1En soumettant « son matériau antique à des interrogations que les anciens ne se sont pas posées ou du moins n’ont pas formulées », Nicole Loraux a assumé, dans ses nombreux travaux consacrés à la cité athénienne et aux représentations qu’elle se donne d’elle-même, « un anachronisme contrôlé » susceptible d’éclairer le passé avec des questionnements du présent, pour revenir vers le présent1. Sa pensée n’a cessé d’inspirer la scène contemporaine dans son dialogue avec la tragédie antique : la dramaturge uruguayenne Mariana Percovich explique, par exemple, avoir trouvé dans Façons tragiques de tuer une femme les ressources pour donner voix à Jocaste dans son monologue Yocasta (2003)2 ; Marie-Pierre Cattino, quant à elle, place en exergue de sa pièce, Les Larmes de Clytemnestre (2011), une citation tirée des Mères en deuil – « la passion éclate lorsque les mères sont en deuil3 » –, qui l’a poussée à réécrire l’histoire de cette « femme qui clame justice4 ». Les hypothèses de Nicole Loraux ont également connu un retentissement majeur sur la scène scientifique, dans le vaste champ des sciences humaines et sociales5, et continuent de nourrir les recherches contemporaines, notamment celles qui adopteraient le prisme des études de genre pour étudier les œuvres antiques et leur réception6.

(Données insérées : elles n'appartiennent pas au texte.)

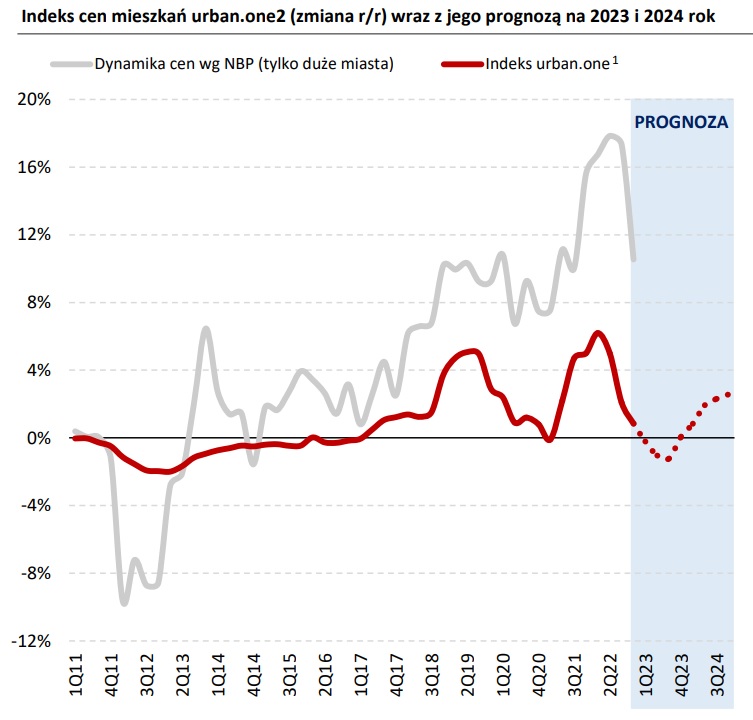 - W I połowie tego roku możemy obserwować delikatne spadki w ujęciu kw./kw. cen mieszkań sprzedawanych na rynku pierwotnym, co w II półroczu może zbliżyć ich dynamikę r/r w okolice zera. Barierą dla spadku cen może okazać się jednak wciąż wysoka inflacja i łączne koszty budowy. Niemniej jednak na pewno zobaczymy w bieżącym roku (podobnie jak miało to miejsce już w IV kw. 22) spadek realnych cen nieruchomości mieszkaniowych, co samo w sobie będzie zjawiskiem nie obserwowanym od wielu lat - prognozują analitycy. - Zakładamy, że w II połowie 2023 r., a najpóźniej w I połowie 2024 r. spadkowy trend zmian cen kw./kw. ulegnie ponownemu odwróceniu pod wpływem stopniowo poprawiającej się sytuacji popytowej. Do wyraźniejszych wzrostów w skali r/r cen (zwłaszcza w ujęciu realnym) rynek najpewniej powróci jednak dopiero w II lub III kwartale 2024 r. - dodają.
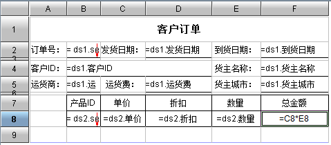 (8) 在F5单元格输入表达式:= ds1.货主城市
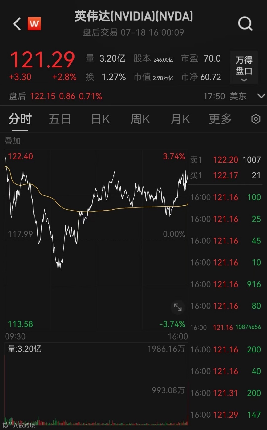7月18日,英伟达美股盘前一度涨超3%,盘中一度跌逾1%,收盘涨超2.8%,报121.29美元。

2À l’occasion des vingt-cinq ans d’Acta Fabula, je souhaiterais souligner toute l’actualité de ces travaux, en m’attachant plus particulièrement à l’ouvrage Façons tragiques de tuer une femme (1985)7, qui reste, quarante ans après sa publication, une référence majeure pour penser la place que la cité grecque accordait aux femmes, dans la réalité et dans l’imaginaire. En cernant les modalités tragiques de la mort des femmes grâce à une attention précise « au mot à mot des textes » (p. 100), l’historienne et helléniste montre comment la tragédie produit un discours qui, sous le récit, « parle encore et toujours de la différence des sexes » (p. 13) et met ainsi en évidence une division dans les représentations et conceptions du masculin et du féminin dans la tragédie grecque, à un moment où le genre comme catégorie d’analyse florissait outre-Atlantique mais était encore peu mobilisé en France8. Cette dichotomie est symbolisée, dans le premier chapitre, par « la corde et le glaive » (p. 31-60), instruments du suicide des personnages tragiques, révélateurs de leur genre : la pendaison, tout comme le sacrifice qui fait couler « le sang pur des vierges » dans le deuxième chapitre (p. 61-82), sont des « morts féminines » (p. 30) auxquelles s’opposerait la mort virile au tranchant du glaive. Loin toutefois de proposer une vision binaire de ces façons tragiques de mourir, l’autrice est sensible aux phénomènes de « brouillage » qui mettent en évidence toute la complexité de la tragédie attique et de l’héroïsme auquel peuvent prétendre les figures féminines.
Mourir comme une femme ?
3Comment meurt une femme dans la tragédie attique ? En silence et en secret, répond Nicole Loraux, faisant aussitôt remarquer que l’instant même du suicide est dérobé à la vue des spectateurs qui ne voient pas « la mort d’une femme mais seulement une femme morte » (p. 49). Les paroles prononcées et ultimes instants ne seront pas non plus directement perçus mais rapportés par un messager. L’historienne a mis en exergue la portée symbolique de ces lieux cachés, hors scène, où les personnages féminins se donnent la mort. Phèdre ou encore Jocaste se réfugient derrière les portes bien closes de la chambre conjugale, le thalamos, lieu qui est aussi « le symbole de leur vie : une vie qui prend son sens hors de soi, une vie qui ne se réalise que dans les institutions, mariage, maternité qui rattachent les femmes au monde et à la vie des hommes » (p. 51). Le personnage meurt en épouse, et finit sa vie dans les liens qui le rattachent au mari, dont la présence en absence est suggérée par cet espace même : « mourir avec : façon tragique, pour une femme, d’aller jusqu’au bout du mariage » (p. 54). Ce n’est pas seulement le lieu de la mort mais aussi la façon de mourir, par pendaison, qui rattache ces figures tragiques à leur statut social, selon Nicole Loraux :
La pendaison, mort féminine. Je dirais même volontiers que l’expression de la féminité peut s’y redoubler sans fin puisque, à la corde qui en est l’instrument usuel, les femmes et les jeunes filles savent, telle Antigone étranglée dans le nœud de son voile, substituer les parures dont elles se couvrent et qui sont autant d’emblèmes de leur sexe (p. 34)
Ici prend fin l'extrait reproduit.